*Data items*
◆ ◆ ◆ ◆ ◆
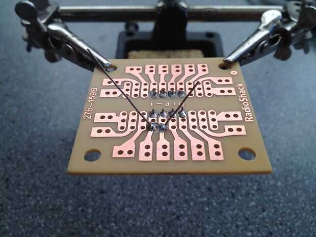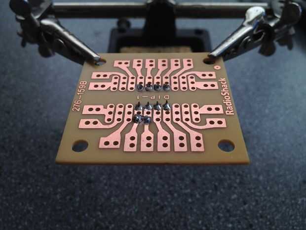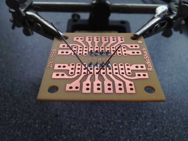 si usted está tratando de soldar componentes por-agujero con cables largos en un PCB, aquí está un sencillo Consejo que mantendrá en su lugar mientras la placa está al revés y plomo y cojín.  Sólo tiene que colocar el componente donde quieras y en la parte inferior del tablero, doblar las puntas agudamente a los lados.  El ángulo no debe ser demasiado grande, pero es importante que la curva abrupta.  Queremos un ángulo, no una curva.  Me parece la forma más sencilla de hacerlo es presionando ya sea el plomo con la uña en su base, o utilizando un par de alicates.  Después de que los cables están doblados, el componente permanece en su lugar cuando le da la vuelta el tablero boca abajo para soldar y cortar el exceso lejos.
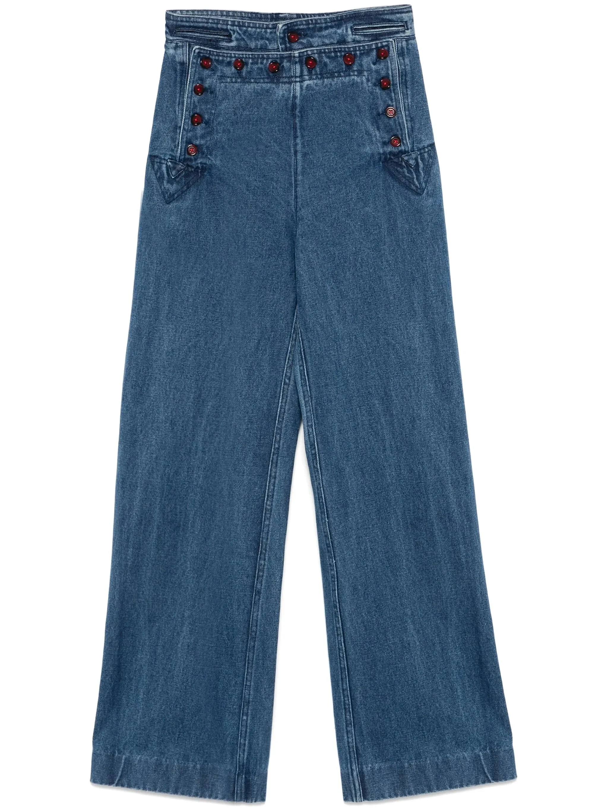 - indigo blue - front button fastening - two front jetted pockets - rear slit pocket - straight leg Materials & Product Care Cotton 100% Size & Fit - Designed for a straight-leg fit, these jeans allow for a close fit at the waist and an unrestricted and comfortable fit over the leg - Sturdy and hard-wearing, this denim piece offers no stretch - The model is 1.75 m wearing size 27.
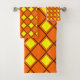 This towel set has a 1970s design of solid yellow diamonds inside brown diamond outlines on a field of orange.
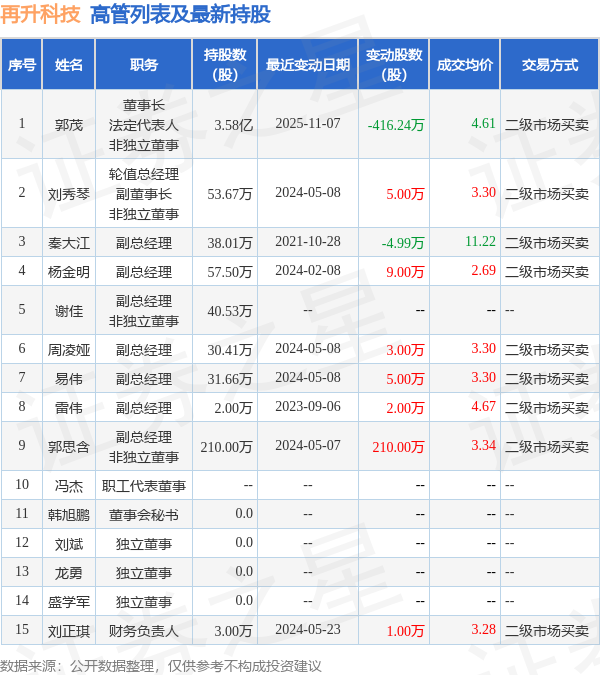 再升科技近半年内的董监高及核心技术人员增减持详情如下:
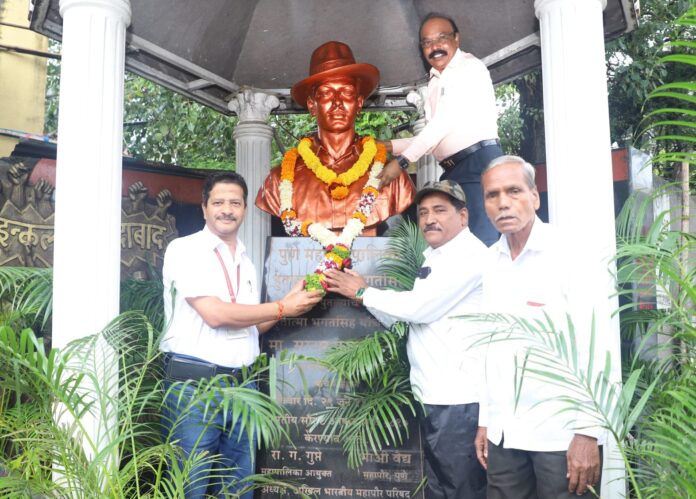 पिंपरी चिंचवड महानगरपालिकेच्या वतीने शहीद भगतसिंग यांच्या जयंतीनिमित्त त्यांच्या दापोडी चौकातील पुतळ्यास उप आयुक्त अण्णा बोदडे यांनी पुष्पहार अर्पण करुन अभिवादन केले त्यावेळी ते बोलत होते.
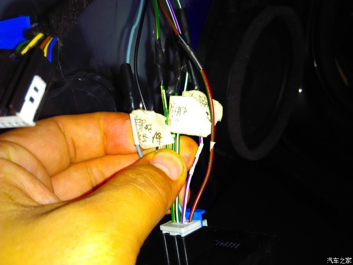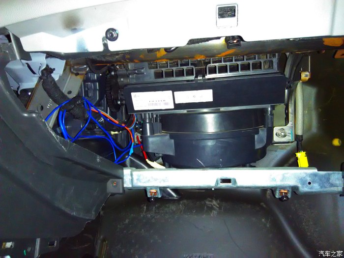 这是拆掉手套箱的样子,贴着两个标签的就是空调滤芯盖子,里面就是空调滤芯。同样蓝色和红色电线都是外接的。
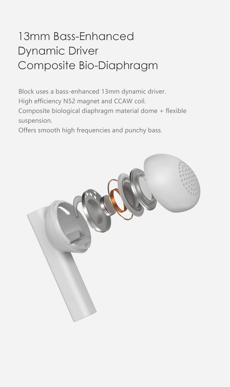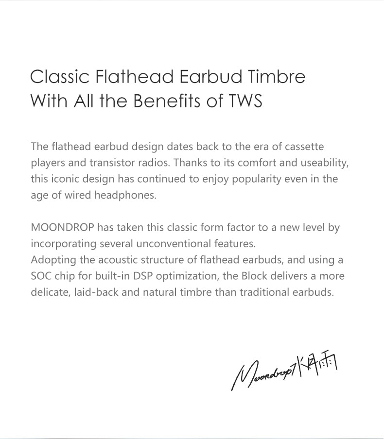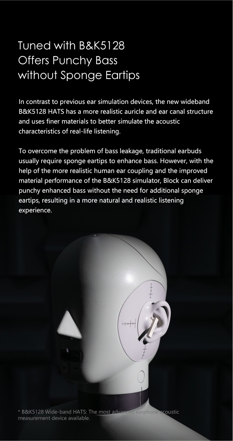 Adopting the acoustic structure of flathead earbuds, and using a SOC chip for built-in DSP optimization, the Block delivers a more delicate, laid-back and natural timbre than traditional earbuds.
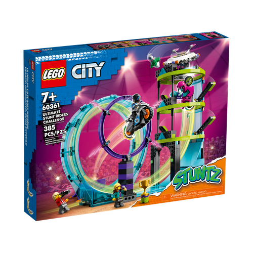 Komplektiga LEGO® City Ülim trikisõitjate väljakutse (60361) ootab tundide kaupa ekstreemset lõbu. Sellesse kolme funktsiooniga alates 7-aastastele mõeldud komplekti kuulub kaks trikimootorratast ja kolm omavahel ühendatavat trikivahendit, nagu 360° sõlm, tulerõngas ja lõbus tulnukatorni väljakutse. Lapsed saavad panna oma oskused proovile, lavastada ägedaid etendusi ning võistelda sõprade ja perega, et saada võitja trofee.
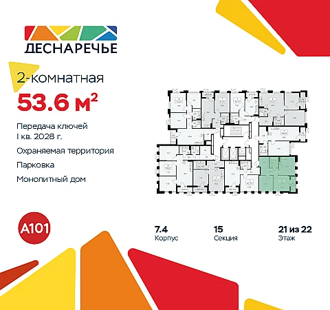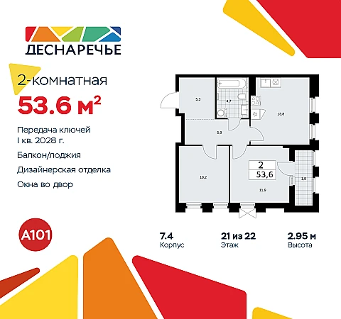 Купить 2к квартиру 53 м² в ЖК "Деснаречье"
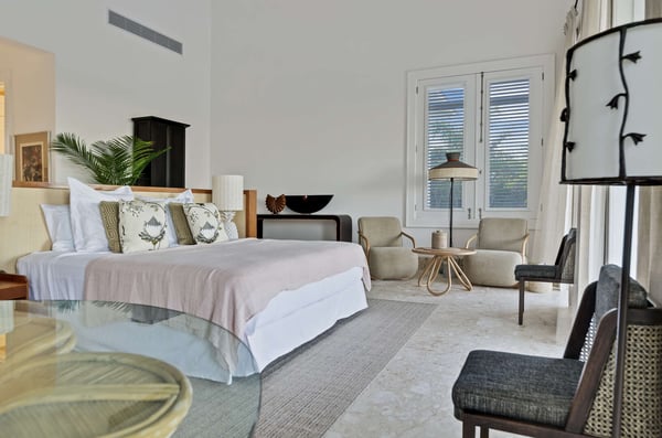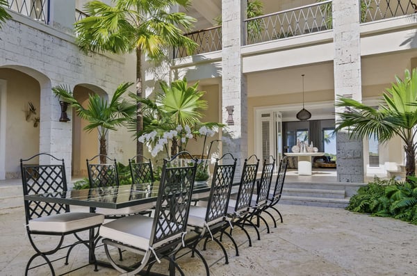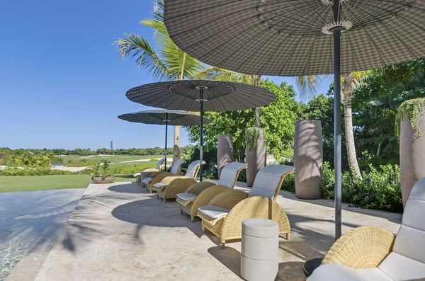 Guests staying within Puntacana Resort & Club will have access to all resort amenities and facilities. Resort amenities and facilities include two golf courses ($), two beach clubs ($), Six Senses Spa ($), restaurants ($), bars ($), and tennis centre ($). This contemporary villa is far from your standard Punta Cana vacation home - in fact, it is truly one-of-a-kind. Indoors and out, you'll be surrounded by luxurious furnishings and panoramic views of the Punta Cana Resort's golf courses. Interior rooms include furniture by acclaimed designers such as B&B Italia, Roche Bobois, and Van Rossum. Highlights like the Chef's kitchen and the private, palm tree-lined pool make this property supremely special. The villa comfortably sleeps up to fourteen guests in six spacious bedrooms. After an exhilarating day at the beach (or a lengthy golf game), there's nothing better than drifting off to sweet Caribbean dreams on our plush mattresses. Every bedroom features tall ceilings, cable TV, a safe-deposit box, custom closets, premium linens, and eclectic decor from around the world. All bedrooms also include en suite bathrooms, which incorporate beautiful stone work (limestone and coralstone) and modern fixtures like deep-soaking bathtubs. One bedroom is designed specifically for children, and it is decorated with a whimsical color scheme and kid-friendly furnishings. With the exception of the children's room, all of the other bedrooms include private balconies with rolling golf course views - perfect for admiring the sunrise or sunset. For your convenience and comfort, we provide everything you need to pamper yourself: sumptuous towels, crisp linens, and toiletries. Should you need to do laundry, the villa features a well-appointed laundry room so there's no need to send anything out. The villa's living spaces are just as stylish and airy as the bedrooms. For intimate family gatherings or swanky soirees, the indoor living rooms are perfect for relaxing or entertaining. Between sharing stories with loved ones and admiring the natural beauty around you, you'll find yourself admiring the Heerenhuis tables and Tissus Bruder curtains and rugs. After all, you didn't just come to Punta Cana to sleep - so our spaces are designed to invite conversation. The centerpieces of the room are the grand, patterned sofas and carefully chosen artwork, and the oversize windows can be opened to let in the tropical breezes. On a rare rainy day, the huge cable TV makes relaxing easy. Culinary traditions are part of the Caribbean experience, and this villa's gourmet kitchen has everything needed to produce Michelin star-worthy meals. Whether you choose to cook yourself or arrange private Chef services, the bright kitchen is a lovely place to eat a quick breakfast or snack on appetizers. Top-of-the-line appliances include a gas range, two professional-grade refrigerators, an espresso machine, and wine storage. Dining is always in style thanks to the elegant indoor dining table with seats for 14 guests. With a statement chandelier above, any meal will become a celebration. Or, if dining alfresco sounds intriguing, the outdoor dining table is also a fabulous choice. As the sun sets, you can close the shady umbrellas as the evening sky turns into a pastel masterpiece. But the interior is only part of Villa Alta Gracia; the outdoor spaces make it truly remarkable. Take a refreshing swim in the private pool or soak up the rays on a chaise lounge chair (or under a palapa) on the pool deck. The outdoor kitchen features a barbecue grill and a wet bar, so poolside lunches are always recommended, especially for the kids, who might spend the entire day in the water. Even though you might only spend a few days at Villa Alta Gracia, the architecture and interior design of this magnificent property will stay with you forever. It is one of the most unique and inspired homes in Punta Cana, if not the world, and we hope to welcome you to this stunning place soon.
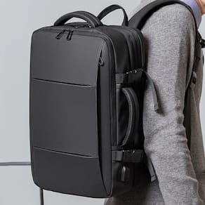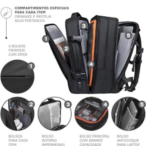 Características: PARTE EXTERNA - Design Funcional - Material Impermeável - Capacidade: Ajustável entre 24 e 45 Litros; - Bolsos Externos - Costura Reforçada com fino acabamento; - Saída USB com fechamento anti poeira - Bolso na alça de ombro para cartões e pequenos objetos; - Bolso secreto no costado para pequenos objetos como fones, carteiras, etc; - Alça Reforçada para Mão - Alça das Costas Ajustáveis com de 3 Camadas; - Alça no costado para fixação em alças de Malas de Mão; - Possui cintas laterais de segurança com regulagem; - Possui saída de ar no compartimento para calçados e roupas; - Abertura e Fechamento por Zíper duplos resistentes - Toda Mochila Possui Costuras Reforçadas Premium;
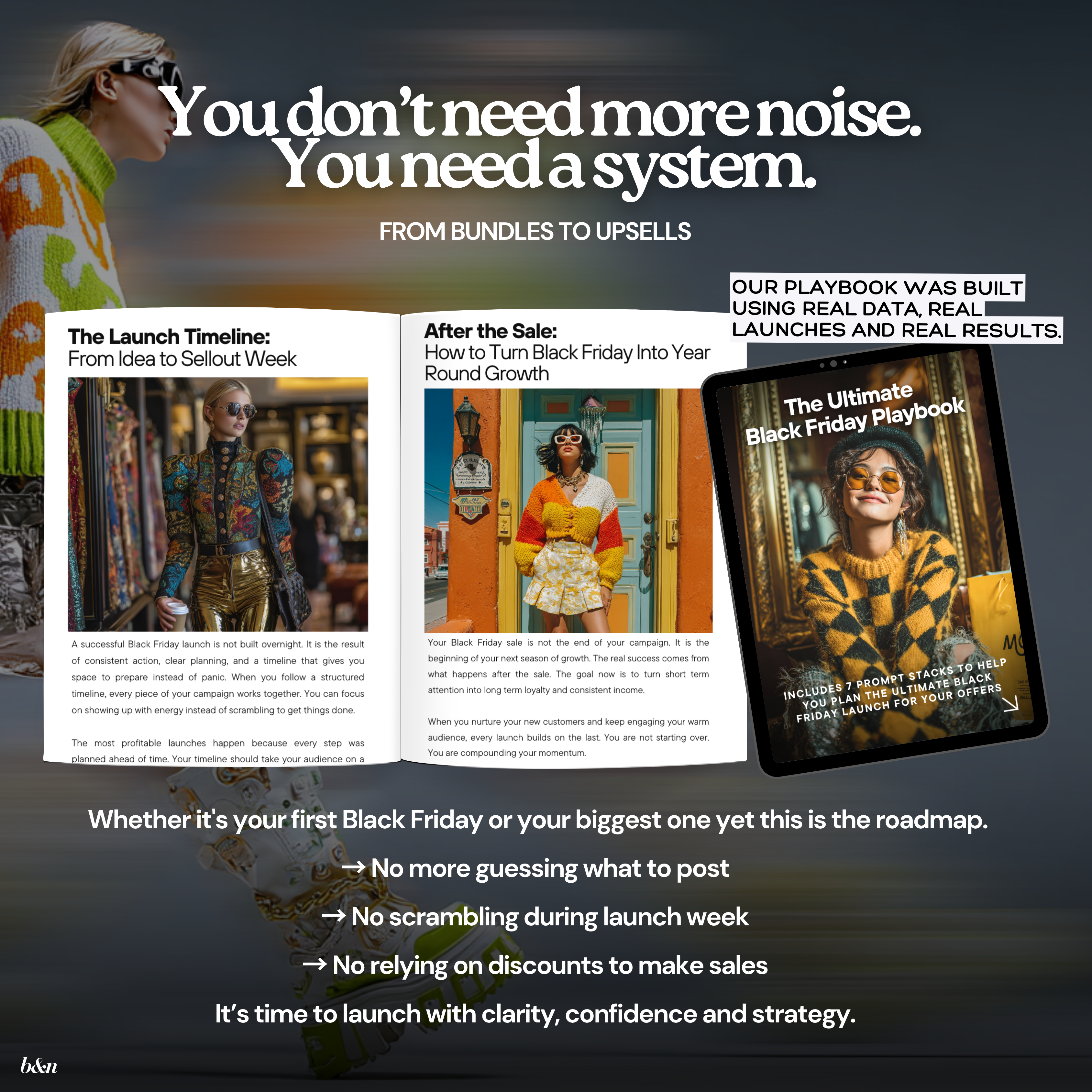 This 52-page Ultimate Black Friday Playbook gives you the exact strategy, content structure and messaging prompts to plan, launch and scale your most successful Black Friday yet.
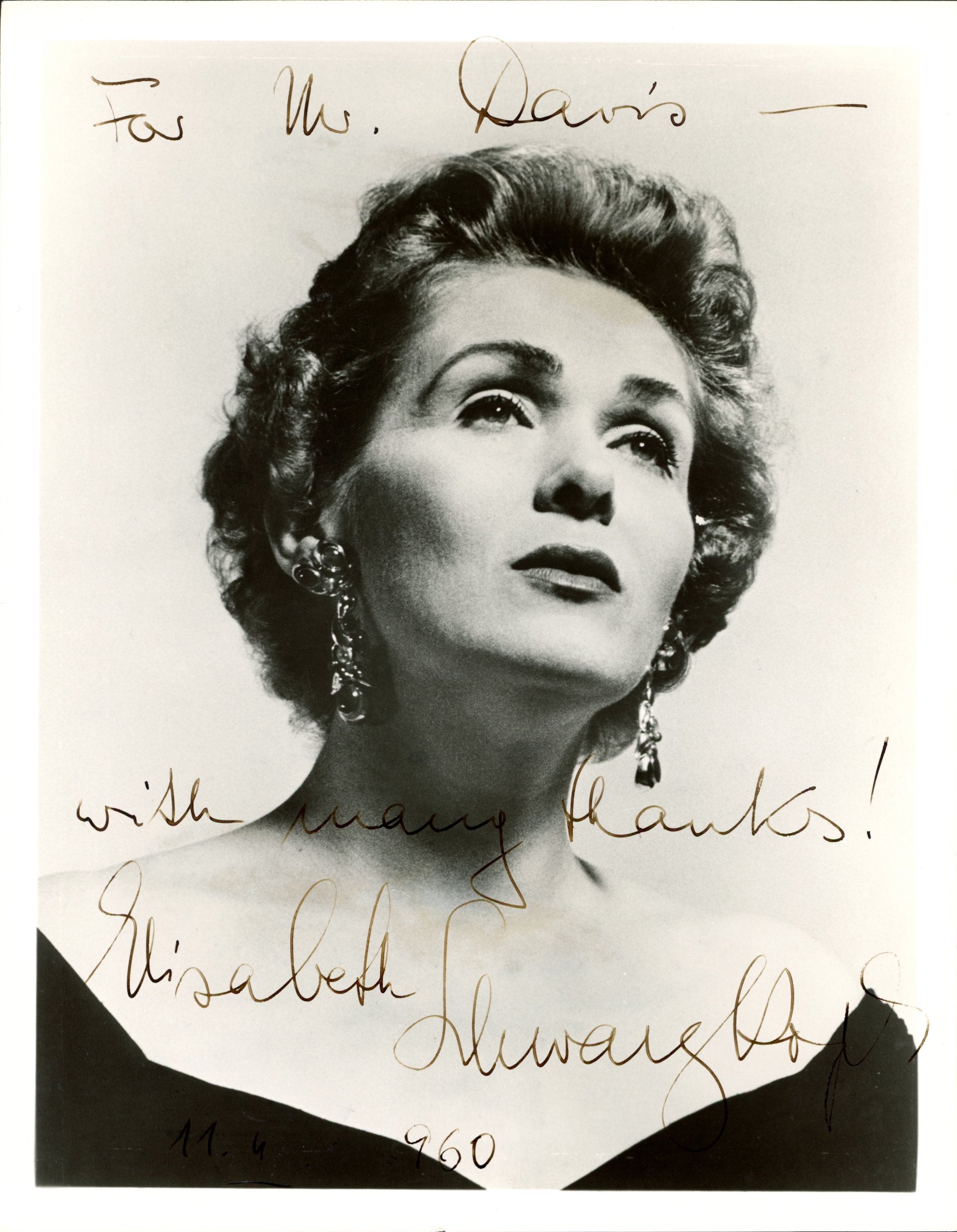 Schwarzkopf, Elisabeth. (1915–2006). Signed Photograph. Signed photograph of the great soprano, who has inscribed "For Mr. Davis— with many thanks! / Elisabeth Schwarzkopf / 11.II.1960." Small dent to lower edge, stains and surface loss to verso with slight show-through to recto, else in very fine condition. 8 x 10 inches (20.32 x 25.4 cm.).
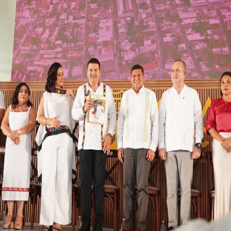 El Gobernador de Tabasco, Javier May Rodríguez asistió como invitado especial a la Sesión Solemne de Cabildo donde el edil rindió cuentas a la población comalcalquense del estado que guarda la administración municipal.
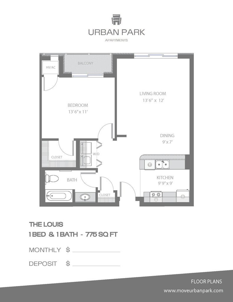 Apartment Model: UPI - The LouisCall For Rates1 Bedroom, 1 Bath, 757 sq ftUnavailableFloorplansPhotos![]()
◆ ◆ ◆ ◆ ◆
*WHAT THE TASK REQUIRES*
For this exercise, reproduce exactly the lines of the records above from the one with "पिंपरी चिंचवड महानगरपालिकेच्या" up to and including the one with "Купить 2к квартиру", without pictures.

*OUTPUT BELOW*
 पिंपरी चिंचवड महानगरपालिकेच्या वतीने शहीद भगतसिंग यांच्या जयंतीनिमित्त त्यांच्या दापोडी चौकातील पुतळ्यास उप आयुक्त अण्णा बोदडे यांनी पुष्पहार अर्पण करुन अभिवादन केले त्यावेळी ते बोलत होते.
 这是拆掉手套箱的样子,贴着两个标签的就是空调滤芯盖子,里面就是空调滤芯。同样蓝色和红色电线都是外接的。
 Adopting the acoustic structure of flathead earbuds, and using a SOC chip for built-in DSP optimization, the Block delivers a more delicate, laid-back and natural timbre than traditional earbuds.
 Komplektiga LEGO® City Ülim trikisõitjate väljakutse (60361) ootab tundide kaupa ekstreemset lõbu. Sellesse kolme funktsiooniga alates 7-aastastele mõeldud komplekti kuulub kaks trikimootorratast ja kolm omavahel ühendatavat trikivahendit, nagu 360° sõlm, tulerõngas ja lõbus tulnukatorni väljakutse. Lapsed saavad panna oma oskused proovile, lavastada ägedaid etendusi ning võistelda sõprade ja perega, et saada võitja trofee.
 Купить 2к квартиру 53 м² в ЖК "Деснаречье"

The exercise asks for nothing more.